We met an Australian couple at the tunnel museum, who by coincidence were the same couple who were living in Olomouc in the Czech Republic who owned and ran the hostel we stayed in. Turns out they had been travelling basically the same route as Chris and I, and we were surprised when they told us that they saw us in one of the small squares in Kotor, looking up three girls laughing at us out of a third story window! We got another slow, rickety tram back to Bascarsija where we again went our own ways. The rest of the afternoon passed quite quickly as the four of us whiled away the time in a few cafes and later a small restaurant before Chris and I bade goodbye to Nick and Jess again. It would be less than a week before we would catch up once more though, most likely back in the teacher's room at our school in Opole.

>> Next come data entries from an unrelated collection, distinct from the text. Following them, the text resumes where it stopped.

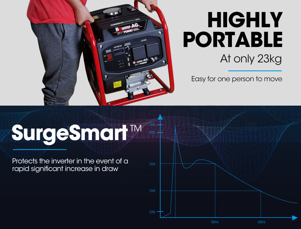You can relax and just get on with things with the GV7000 as it takes care of any instances of overload or low oil, while SurgeSmartTM will protect the inverter in the event of a sudden significant increase in draw.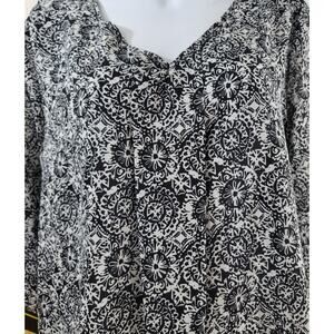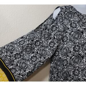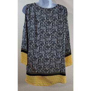 Cato Black White Yellow Floral Print Cold Shoulder Top Large Lightweight Flowy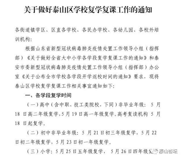 (一)高中(含中职、技工类院校,下同)非毕业年级:5月18日高二年级复学,5月19日高一年级复学。高考复读机构5月18日起复学。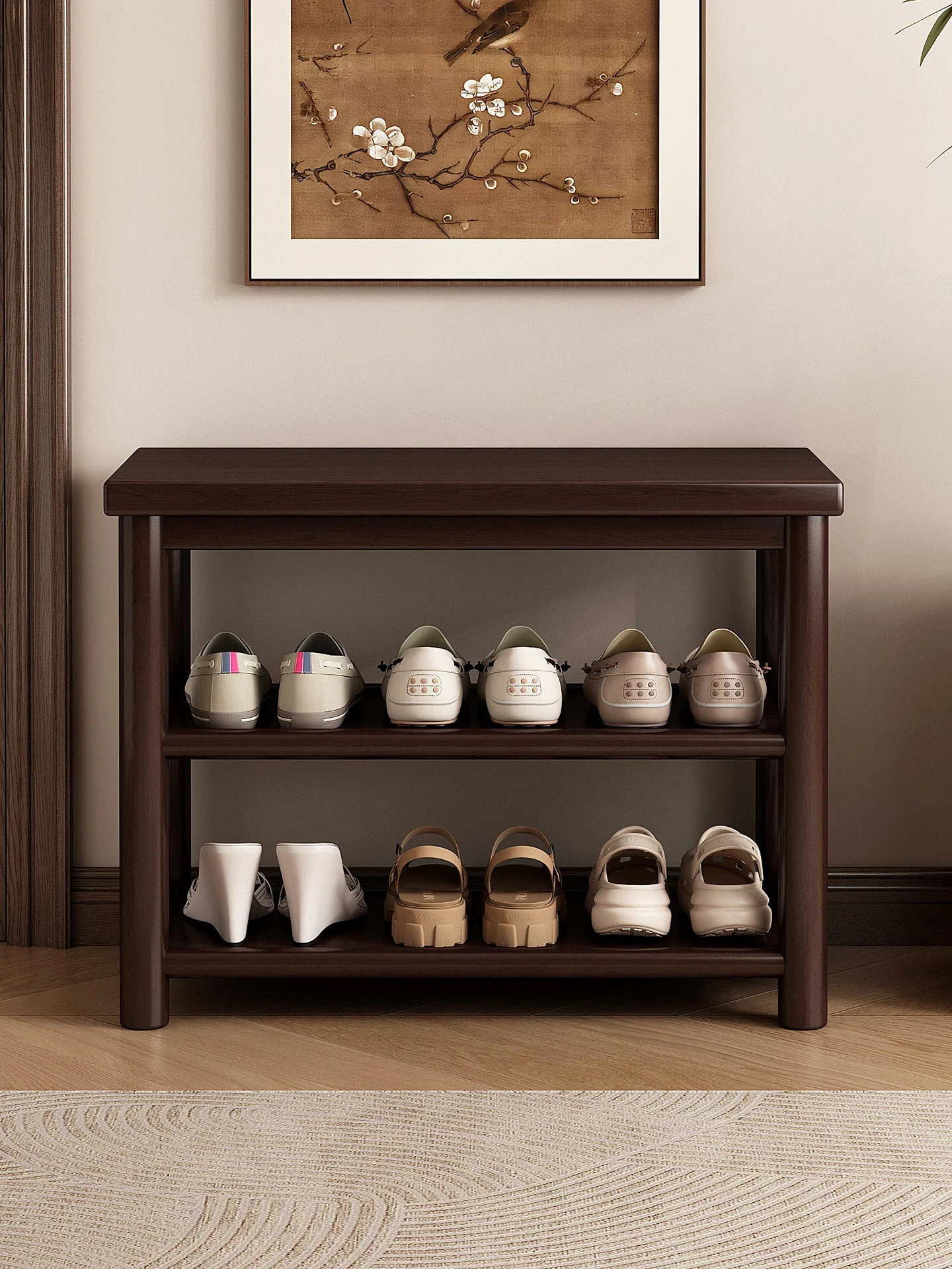 玄関用実木製スツール|靴を脱ぎ履きしやすいコンパクトなデザイン|おしゃれな靴箱一体型|試着室にもピッタリ!快適な入室体験を提供します!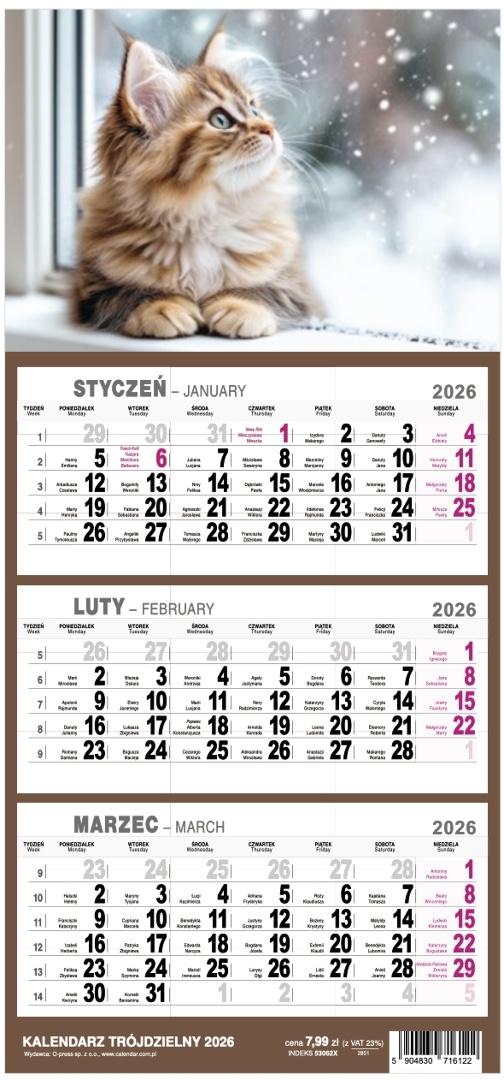 - Zawiera czytelne kalendarium z imieninami i świetami w języku polskim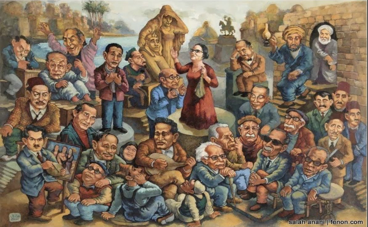 مئة عام من التنوير، بريشة صلاح عناني، بتكليف من وزارة الثقافة، سنة 1995.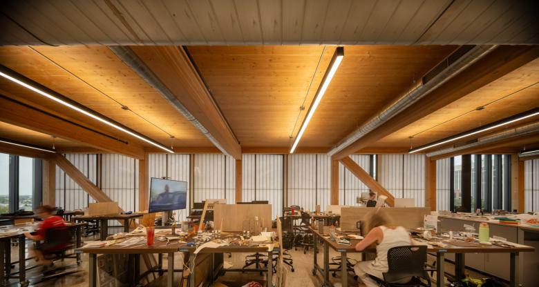 With the increase of construction cost due to supply chain reverberations of the post-Covid era, we have had to imagine ways of building that bring radical economies to construction protocols while ennobling the materials being used. Given the audiences of a school of architecture, erudite as they are as faculty and students, any new school of architecture is apt to serve as a pedagogical building: not only as spaces of learning, but in fact as a didactic instrument. These audiences learn from the inventions and failures of these buildings. The reduction of trades can lead to an enhanced use of craft within each material technology. In this instance, we adopted mass timber, not only as a naturally renewable resource, but as a technology that can be assembled with immense speed and substantial precision, reducing the carbon footprint of the building.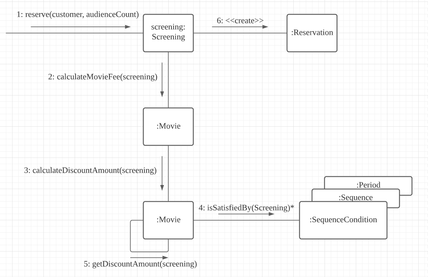 아래의 그림은 영화 예매 시스템에서 객체들이 상호작용 하는 것을 시각화 한것이다.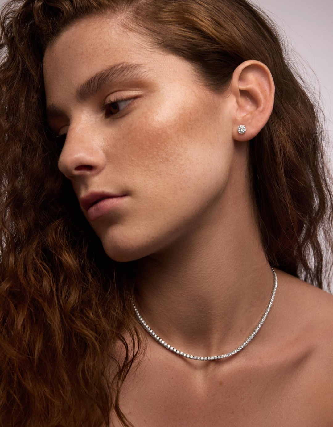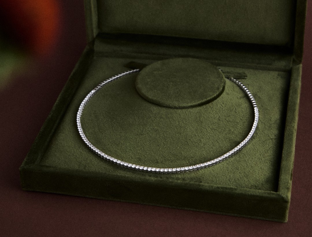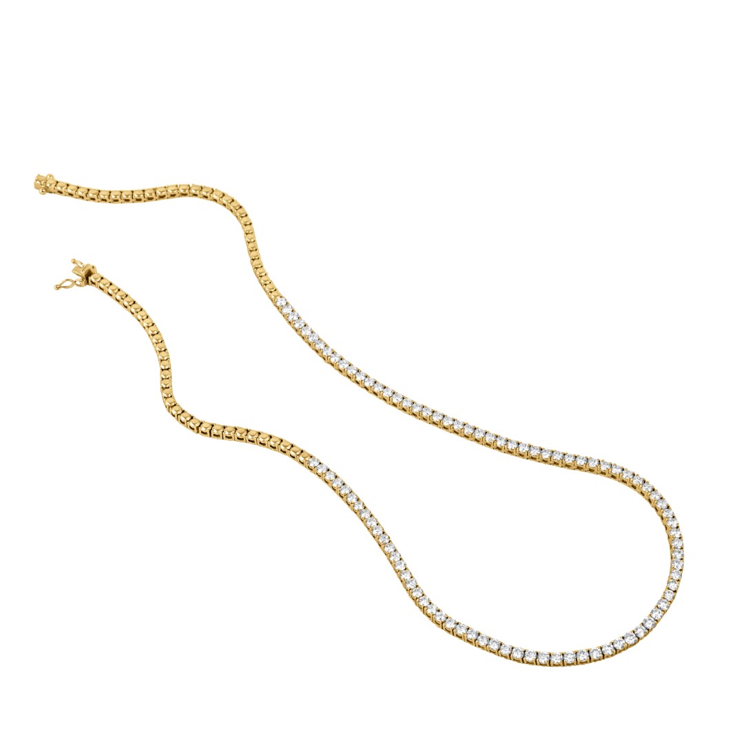 - The Classy Rivière Necklace featured is set with 90 diamonds of 0.065 carat each (or 2.6mm diameter) adding up to ta total of 6.0 carats. You have the possibility to change the carat weight based on your style according to the different diamond diameters provided.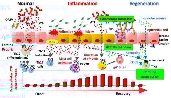 In addition, commensal bacteria are another major source of eATP. The levels of eATP increase dramatically as bacteria exit the stationary phase [], peak around the end of the log-phase of growth, and decrease again as they approach stationary phase []. In the small intestine, ATP derived from commensal bacteria restricts the immunoglobulin A (IgA) response directed against them by limiting the number of follicular helper T (Tfh) cells, which regulates the maturation and activation of mucosal IgA antibody production; disruption of ATP signaling increases the number of Tfh cells in the gut []. This finding indicates that bacterial eATP influences the host mucosal immune system and subsequently regulates the bacterial community, thus promoting a proficient gut ecosystem [] (Figure 1). In this regard, Iwase and colleagues reported that Enterococcus gallinarum, a vancomycin-resistant Gram-positive coccus isolated from mice and humans, secretes ATP []. These authors subsequently identified seven additional eATP-secreting enterococcal species and determined that glycolysis is the most important pathway for bacterial ATP secretion []. Their studies indicate that diverse bacteria have the potential to secrete eATP, especially during the growth phase and in the presence of glucose []. In addition, kinetics investigations revealed that exposure to amphipathic peptides (e.g., melittin, and mastoparan 7), which enhance membrane permeability to small solutes in a variety of cells, also increases the release of eATP from Escherichia coli []. In E. coli, eATP is packed into nano-scaled membrane particles, called outer membrane vesicles (OMVs) []. These OMVs are continuously formed by E. coli under normal growth conditions (Figure 1). Furthermore, eATP acts as a cross-communication agent between bacteria and their host and as an energy-exchange partner to facilitate the formation and survival of bacterial communities [].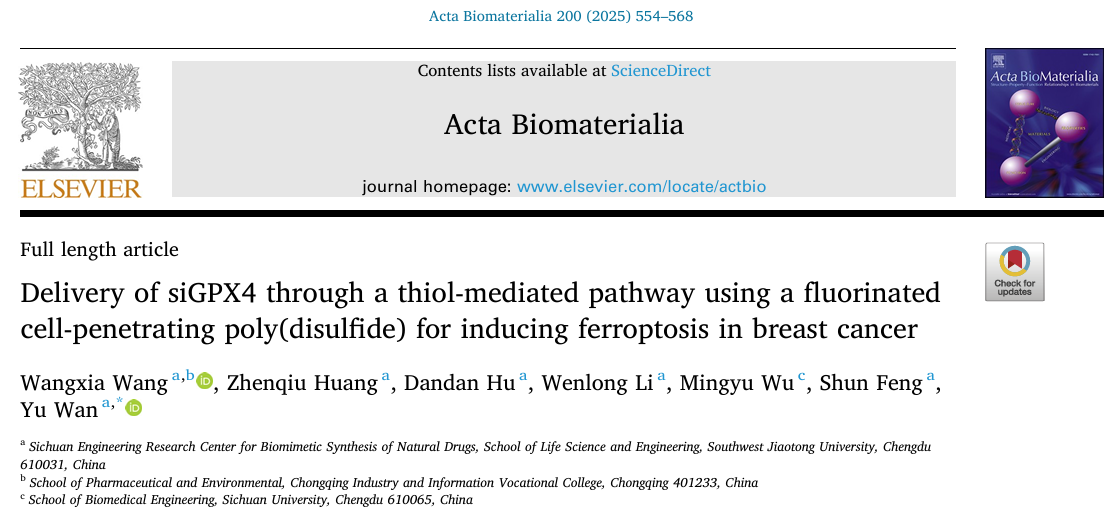 近日,本研究成果以“Delivery of siGPX4 through a thiol-mediated pathway using a fluorinated cell-penetrating poly(disulfide) for inducing ferroptosis in breast cancer”为标题发表在《Acta Biomaterialia》(JCR,Q1区,2025年影响因子9.6)上。365英国上市公司硕士研究生王旺霞为本文第一作者,万瑜副教授为本文通讯作者。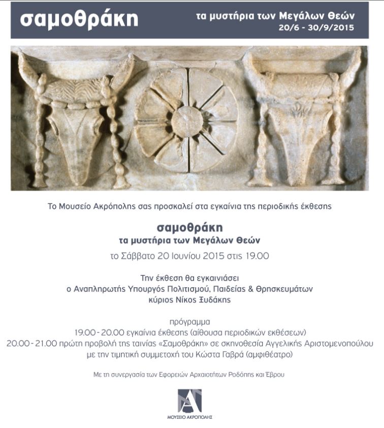 Το Σάββατο στις 20 Ιουνίου θα πραγματοποιηθούν τα εγκαίνια της περιοδικής έκθεσης “Σαμοθράκη – Τα μυστήρια των μεγάλων Θεών”.

Two days certainly wasn't enough time to spend in Sarajevo. I felt I'd barely scratched the surface, and everywhere I looked I couldn't help but be intrigued by the place. The clash of cultures, east and west, Muslim and Christianity. The old Turkish Quarter had a unique atmosphere all of its own, and I admit I was a little excited when an attractive brunette handed me a flyer for the International House School in Sarajevo. I couldn't think of any other place I'd seen in Europe that I'd rather live in, given the history and culture. However while there had been peace in Sarajevo for almost a decade, I still couldn't help but wonder what people thought of what happened, and how it must be for the Serbs and Muslims to once again live together given the recent history. I guess all hasn't been forgotten, as some time later in the afternoon a cargo plane of sorts flew low over the city, and a great deal more than a small number of people stopped what they were doing to gaze up, with a not altogether unconcerned look on there faces. Oh Sarajevo...



Comments
Hi!
As somebody who's born and lives in Sarajevo, I really liked your article. I must say I share your feeling for this city... Thanks!
Just small comment, photo number 10 is mountain Trebevic.
Take care my friend!
Thanks for your comment! Yeah, I really loved Sarajevo. It's one of my favourite cities in Europe. I hope I can return one day and explore more of the city and the Bosnian countryside.